Short Cuts - Cenas da Vida (1993)

Escrita por Filipe Manuel Neto em 31 agosto 2022

Um elenco enorme e cheio de nomes conhecidos, onde cada um faz o seu trabalho muito bem… mas sem compromisso, sem emoção e sob um roteiro tão intrincado que deixa qualquer um perdido.

Normalmente, eu sou muito crítico para com filmes com maus roteiros, ou roteiros fracos. É um problema recorrente no cinema. Este filme, todavia, comete o erro oposto: o roteiro é excessivo, tem tantas personagens e tantos sub-enredos interligados que é quase preciso fazer diagramas e esquemas num quadro para conseguir acompanhar o que se passa. Eu cheguei quase a meio do filme e já não sabia bem quem era quem.

O filme começa com uma frota de helicópteros a espalhar qualquer coisa sobre os céus de Los Angeles. Eu, que era muito novo quando o filme foi feito, tive de ir pesquisar para perceber que estavam eles a fazer: a pulverizar um insecticida para combater moscas, coisa que eu nunca vira no meio de uma cidade. Depois, o filme começa a apresentar-nos uma multidão de personagens e as suas histórias quotidianas: temos vários casais da classe média, cada um com os problemas da sua vida, temos um motorista de limusinas casado com uma empregada de uma cafetaria, o piloto de um dos helicópteros, uma operadora de uma linha erótica com marido e filhos… e vamos acompanhando os problemas diários destes casais e famílias. O filme tenta dar-nos um retracto de pessoas comuns e das suas vidas, mas fá-lo de forma excessivamente desapaixonada e descomprometida, não nos conseguindo transmitir as emoções das personagens, com que não temos qualquer ligação particular. O único sub-enredo que procura enveredar pelo meio mais emocional (o da criança) acaba por ser tão melodramático e excessivo que perde credibilidade.

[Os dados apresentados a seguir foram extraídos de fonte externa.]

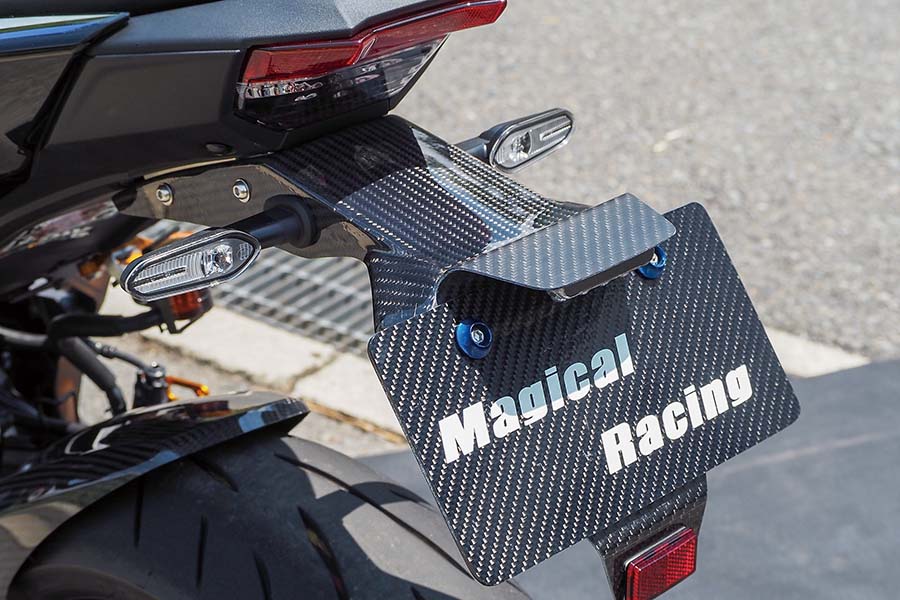 マジカルレーシングが多くのスポーツモデルに展開する“ストリートボディワークシリーズ”。綾織りまたは平織りの自社製造カーボン製(一部FRP製もあり)パーツだ。フロントフェンダーやリヤフェンダーなど、その多くは純正に置き換えて質感を高める。あるいはリヤフェンダーのように泥跳ね・水跳ねを軽減したりする。
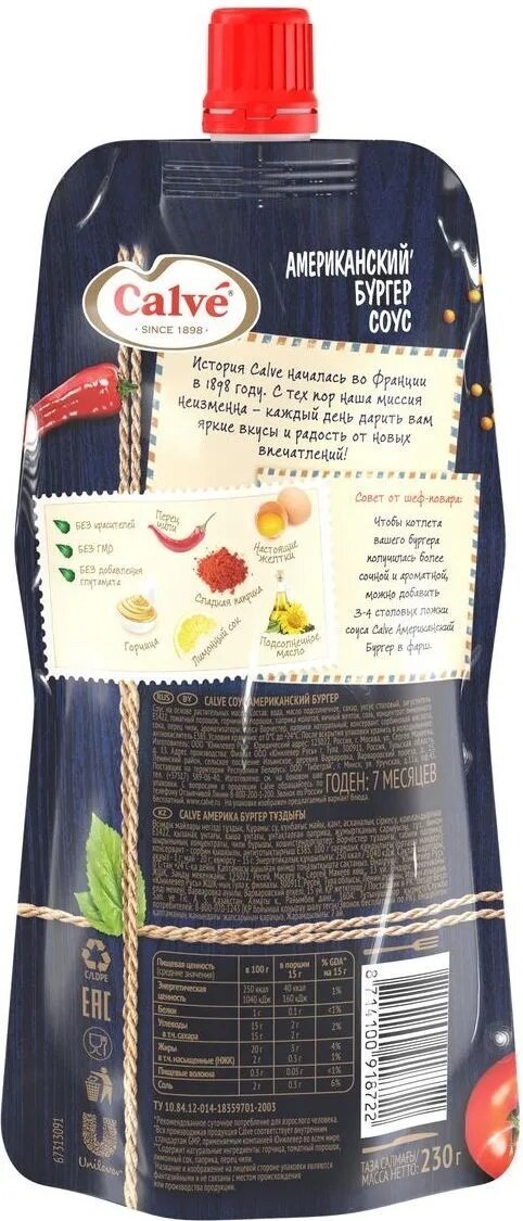 «Calve», cоус «Американский бургер», 3 шт по 230 г интересное:
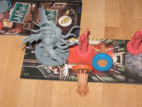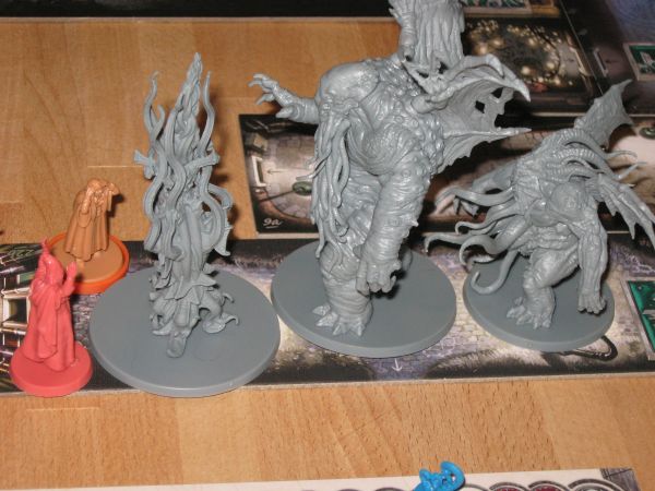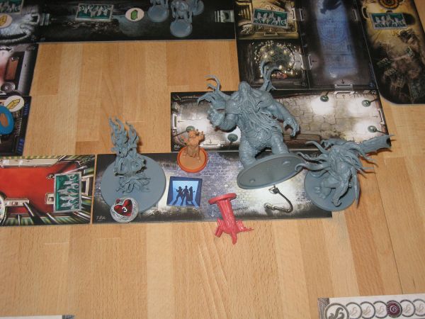 Die Spielplanteile unterstützen natürlich vor allem die neuen Szenarien und zeigen unter anderem ein Casino, einen Kirchenraum, den Tresorraum einer Bank und ein Lagerfeuer in der Wildnis, über dem gerade irgendein bizarres Wesen am Spieß gebraten wird. Lecker. Die detaillierten Monsterminiaturen sehen erfreulich schaurig aus und rekrutieren sich aus dem bekannten Katalog der Mythoswesen, vom Tcho-Tcho über den Sternenvampir bis zu einem pflanzenartig exotischen Älteren Wesen. Ein neuer Großer Alter, jeweils der Hauptgegner der „C:DMD“-Episoden, ist nicht in der Box enthalten. Wer hier über das Grundset hinaus Abwechslung sucht, muss zu den Einzel-Erweiterungen „Yog-Sothoth“ und „Schwarze Ziege der Wälder“ greifen, die separat zu kaufen sind.
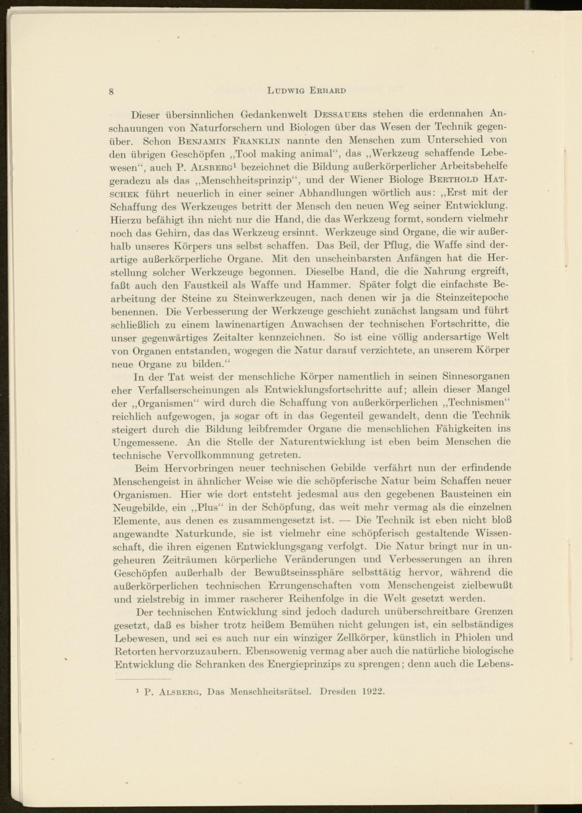 Dieser übersinnlichen Gedankenwelt Dessauers stehen die erdennahen Anschauungen von Naturforschern und Biologen über das Wesen der Technik gegenüber. Schon Benjamin Franklin nannte den Menschen zum Unterschied von den übrigen Geschöpfen „Tool making animal“, das „Werkzeug schaffende Lebewesen“, auch P. Alsberg 1 bezeichnet die Bildung außerkörperlicher Arbeitsbehelfe geradezu als das „Menschheitsprinzip“, und der Wiener Biologe Berthold Hat- schek führt neuerlich in einer seiner Abhandlungen wörtlich aus: „Erst mit der Schaffung des Werkzeuges betritt der Mensch den neuen Weg seiner Entwicklung. Hierzu befähigt ihn nicht nur die Hand, die das Werkzeug formt, sondern vielmehr noch das Gehirn, das das Werkzeug ersinnt. Werkzeuge sind Organe, die wir außerhalb unseres Körpers uns selbst schaffen. Das Beil, der Pflug, die Waffe sind derartige außerkörperliche Organe. Mit den unscheinbarsten Anfängen hat die Herstellung solcher Werkzeuge begonnen. Dieselbe Hand, die die Nahrung ergreift, faßt auch den Faustkeil als Waffe und Hammer. Später folgt die einfachste Bearbeitung der Steine zu Steinwerkzeugen, nach denen wir ja die Steinzeitepoche benennen. Die Verbesserung der Werkzeuge geschieht zunächst langsam und führt schließlich zu einem lawinenartigen Anwachsen der technischen Fortschritte, die unser gegenwärtiges Zeitalter kennzeichnen. So ist eine völlig andersartige Welt von Organen entstanden, wogegen die Natur darauf verzichtete, an unserem Körper neue Organe zu bilden.“
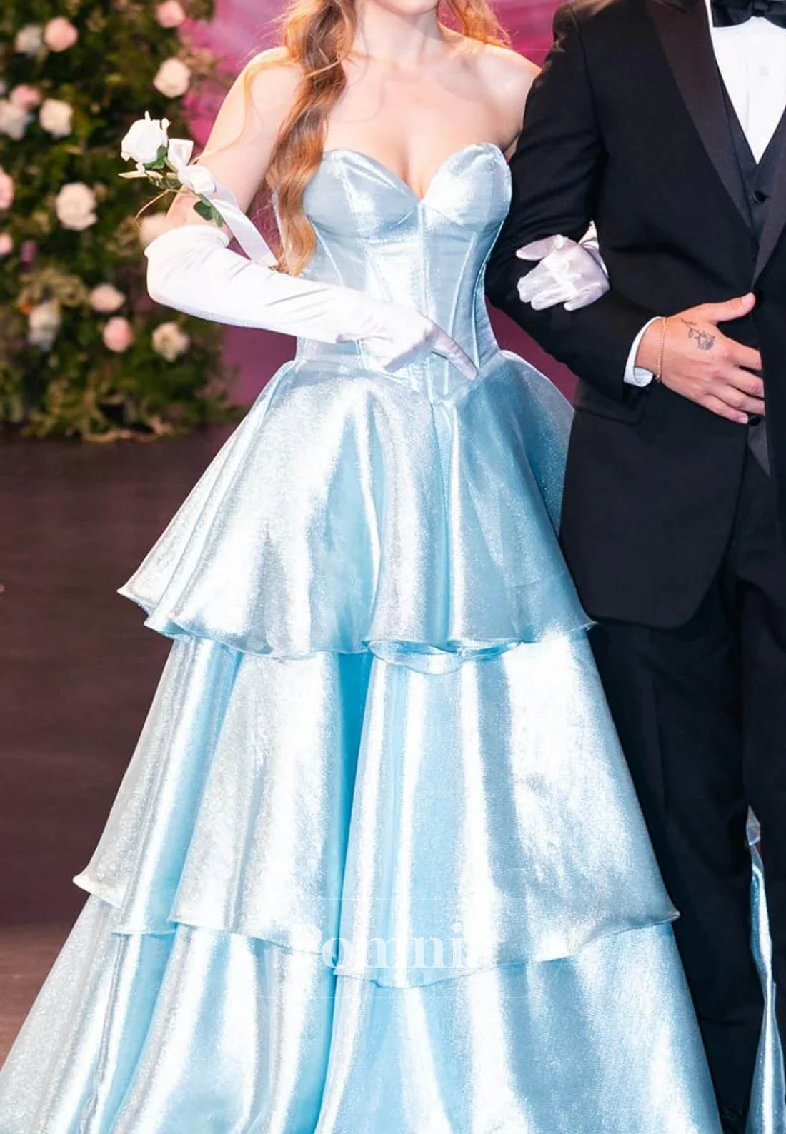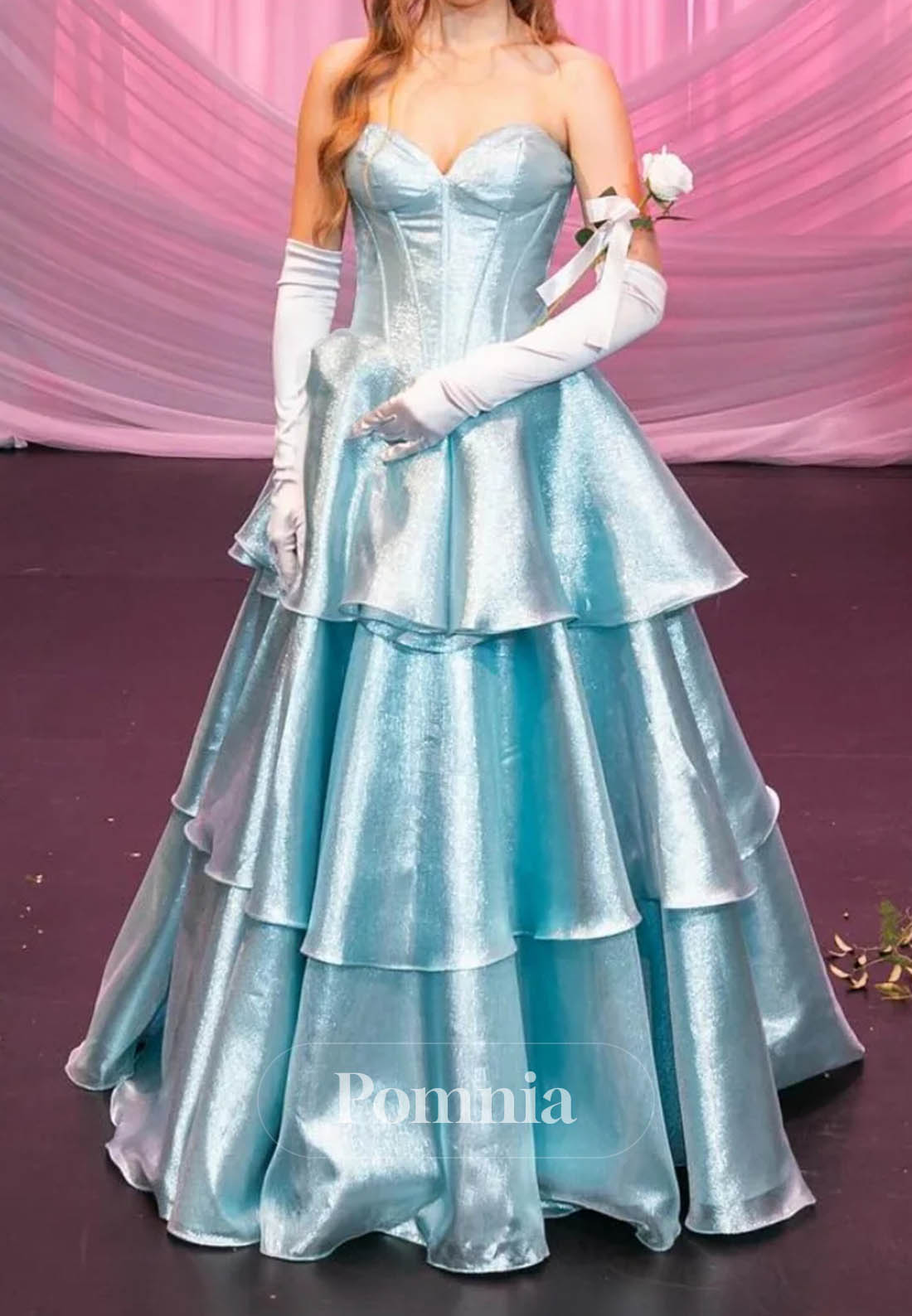Strapless Sleeveless Tiered Back Bow Long Prom Dress

Tecnicamente, este filme é discreto e não aposta muito em nada vistoso. A cinematografia é o padrão usado naquela época, os efeitos especiais e visuais funcionam razoavelmente, mas não nos surpreendem, os cenários e figurinos são regulares. O trabalho de edição foi bem feito, mas o filme, com as suas três horas de duração, torna-se um pouco cansativo, principalmente pela nossa incapacidade de nos ligarmos verdadeiramente às personagens e àquilo que vamos vendo no filme.

O que salva este filme, de forma decisiva, é o enormíssimo elenco de grandes actores, e o modo como cada um, de modo muito individual, faz um excelente trabalho de interpretação. O filme, de facto, parece uma montra do que Hollywood tinha de melhor no início dos anos 90. Bruce Davison, Fred Ward, Lily Tomlin, Tom Waits, Anne Archer, Andie MacDowell, Chris Penn, Robert Downey Jr., Lily Taylor, Madeleine Stowe, Tim Robbins, Jennifer Jason Leigh, Julianne Moore, Peter Gallagher, Matthew Modine, Frances McDormand… diga um nome e está lá! Cada um no seu papel, cada um tentando fazer o melhor, mas cada um por si. O filme funciona muito bem como exercício dramático e permite a cada actor exibir o melhor que sabe fazer. Mesmo assim, falta emoção, falta compromisso, falta intensidade.